Doug: Kang’s warlords looked to be dressed as traditional Japanese shoguns – Heck probably used some type of photo reference for inspiration. Funny what passed for political correctness in days gone by – and this was all still serious stuff. Showing this kind of thing wouldn’t become satirical until Archie Bunker rolled in quite a few years later.
Doug: What was the deal with Wanda not using her “hex power” (this is becoming more maddening the longer we discuss it) in the first fracas? She said she was saving it up for the next time?? I’m sorry, but things were getting a little tenuous at that point. You know, maybe Stan envisioned her as REALLY powerful and was afraid to end any battle too soon. I don’t know…
Sharon: We three agreed in our last post that, back then, Marvel usually wrote their energy-wielding characters as exhausting their powers, so it stands to reason there was a need to conserve their energies. Wanda keeping her hex power in reserve is in keeping with that reading.
Karen: It is sort of maddening; if nothing else, it gives one the impression that Wanda’s power is unreliable – which would make it pretty hard for Cap to try to integrate it into a fight.
Sharon: Yes. But later on (when Roy’s the writer) you get dialogue like Cap telling Wanda (in #44) “Wanda, it’s time you used your hex power.” And she obliges with no problem. Plus in #45 she tells Jan she’s spent “hours perfecting her spells” (ugh! You know how I feel about her power being characterized as “spells”…). So I guess the idea is that she was continuously working on her own to obtain a better level of control.
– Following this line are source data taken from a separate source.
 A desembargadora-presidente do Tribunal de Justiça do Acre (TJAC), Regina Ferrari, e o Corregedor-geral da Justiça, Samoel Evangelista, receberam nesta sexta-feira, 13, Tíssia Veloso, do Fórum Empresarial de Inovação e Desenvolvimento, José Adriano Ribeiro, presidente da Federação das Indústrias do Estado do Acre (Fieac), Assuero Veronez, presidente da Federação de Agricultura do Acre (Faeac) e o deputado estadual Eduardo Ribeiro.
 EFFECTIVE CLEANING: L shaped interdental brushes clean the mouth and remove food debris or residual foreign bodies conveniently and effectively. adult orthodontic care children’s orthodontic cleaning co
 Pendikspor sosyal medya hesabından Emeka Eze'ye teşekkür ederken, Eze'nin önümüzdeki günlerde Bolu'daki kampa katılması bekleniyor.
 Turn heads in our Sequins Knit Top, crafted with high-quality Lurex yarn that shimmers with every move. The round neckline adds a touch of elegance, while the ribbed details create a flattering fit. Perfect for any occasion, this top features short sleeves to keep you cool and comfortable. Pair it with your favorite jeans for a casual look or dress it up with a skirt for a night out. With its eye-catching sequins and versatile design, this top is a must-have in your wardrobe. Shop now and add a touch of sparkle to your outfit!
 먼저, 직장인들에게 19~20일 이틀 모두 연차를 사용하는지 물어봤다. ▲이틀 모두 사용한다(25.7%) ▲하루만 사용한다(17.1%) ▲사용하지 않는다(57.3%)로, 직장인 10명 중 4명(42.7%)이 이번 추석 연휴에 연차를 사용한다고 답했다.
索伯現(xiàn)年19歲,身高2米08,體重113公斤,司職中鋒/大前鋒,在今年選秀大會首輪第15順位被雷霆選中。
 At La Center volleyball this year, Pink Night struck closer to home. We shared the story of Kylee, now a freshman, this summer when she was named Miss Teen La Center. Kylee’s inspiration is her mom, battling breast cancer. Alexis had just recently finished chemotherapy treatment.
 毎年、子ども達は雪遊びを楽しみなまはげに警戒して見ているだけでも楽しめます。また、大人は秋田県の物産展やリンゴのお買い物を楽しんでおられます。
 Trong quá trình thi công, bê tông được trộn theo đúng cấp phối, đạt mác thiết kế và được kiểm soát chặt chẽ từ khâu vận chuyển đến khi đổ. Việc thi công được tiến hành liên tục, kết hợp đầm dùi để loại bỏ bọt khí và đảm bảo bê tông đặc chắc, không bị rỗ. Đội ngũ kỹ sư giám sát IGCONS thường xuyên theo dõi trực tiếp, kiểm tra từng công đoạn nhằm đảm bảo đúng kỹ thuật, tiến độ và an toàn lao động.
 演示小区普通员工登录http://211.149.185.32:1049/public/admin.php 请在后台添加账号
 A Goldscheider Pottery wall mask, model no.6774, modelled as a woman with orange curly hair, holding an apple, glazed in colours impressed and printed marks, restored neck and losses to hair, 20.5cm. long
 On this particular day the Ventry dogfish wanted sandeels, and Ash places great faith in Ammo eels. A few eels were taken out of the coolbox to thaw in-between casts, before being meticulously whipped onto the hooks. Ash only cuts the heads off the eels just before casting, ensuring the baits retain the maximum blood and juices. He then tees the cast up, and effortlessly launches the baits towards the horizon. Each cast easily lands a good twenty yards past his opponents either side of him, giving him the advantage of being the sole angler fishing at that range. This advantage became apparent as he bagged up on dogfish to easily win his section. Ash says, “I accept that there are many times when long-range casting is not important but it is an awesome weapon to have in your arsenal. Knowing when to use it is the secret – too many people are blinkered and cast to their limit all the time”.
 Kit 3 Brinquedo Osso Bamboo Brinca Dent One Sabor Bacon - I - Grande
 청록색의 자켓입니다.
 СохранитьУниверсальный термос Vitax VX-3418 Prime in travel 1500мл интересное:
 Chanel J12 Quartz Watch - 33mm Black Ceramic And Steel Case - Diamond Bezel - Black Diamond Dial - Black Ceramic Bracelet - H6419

Karen: On another note though, in contrast with the incredibly over-powered heroes at DC at the time, it makes the characters seem more human, and perhaps more relatable. In fact, this whole group of characters would probably be the equivalent (or perhaps even the inferiors) of DC’s Teen Titans, power-wise! Cap is like Robin, Hawkeye like Speedy, Quicksilver like Kid Flash, and Wanda is “the girl” just as Wonder Girl was! So Marvel’s A-team at the time was on par with the kiddie team at DC!
Sharon: That particular quartet of the Titans appeared in 1969 when Speedy officially joined replacing Namor Jr.—I mean, Aqualad …by which time the Avengers’ Kooky Quartet had long ceased to exist. (Prior to his joining Speedy had only made a few sporadic appearances with Titans since 1966). Geez, you’d think if DC were trying to ape Marvel and create their own Kooky Quartet in the Avengers mold, DC could have been more, er, timely… (And of course I’m referring to how events played out back in the ‘60s and not to the retcons that have since established that Speedy was an original member of the Titans).
Sharon: But it’s a very good point, Karen, about the similarities with the two teams, though I don’t think Marvel considered the Avengers their A-team at that time (I think that title was held by the FF at the time…). And the Wanda/Wonder Girl comparison is apt: in both quartets, “the girl” was the most powerful member of the teams (even if in Wanda’s case her power’s potential was unexplored then because the Marvel writers seemingly didn’t know how to write Wanda’s powers).
Doug: Yes, great observations. And probably the only direct correlation one could draw, as I don’t recall the JLA ever being as depowered as this version of the Avengers. I guess to attempt to parallel the adults, we’d be talking Batman, Green Arrow, Flash, and Zatanna (yes, Sharon, I know you hate the comparison. J), huh? Certainly a strange combination of DC heroes, isn’t it? Which is funny, because I don’t have a problem seeing the meshing of either this group of Avengers or the Teen Titans line-up mentioned above.
Karen: Dick Ayers is the third inker in these four issues, and I would say I probably like his style least of all. There’s nothing terrible about it, but it just doesn’t excite me. It does seem like there’s more of Don Heck’s style coming through with Ayers than with either Wood or Romita.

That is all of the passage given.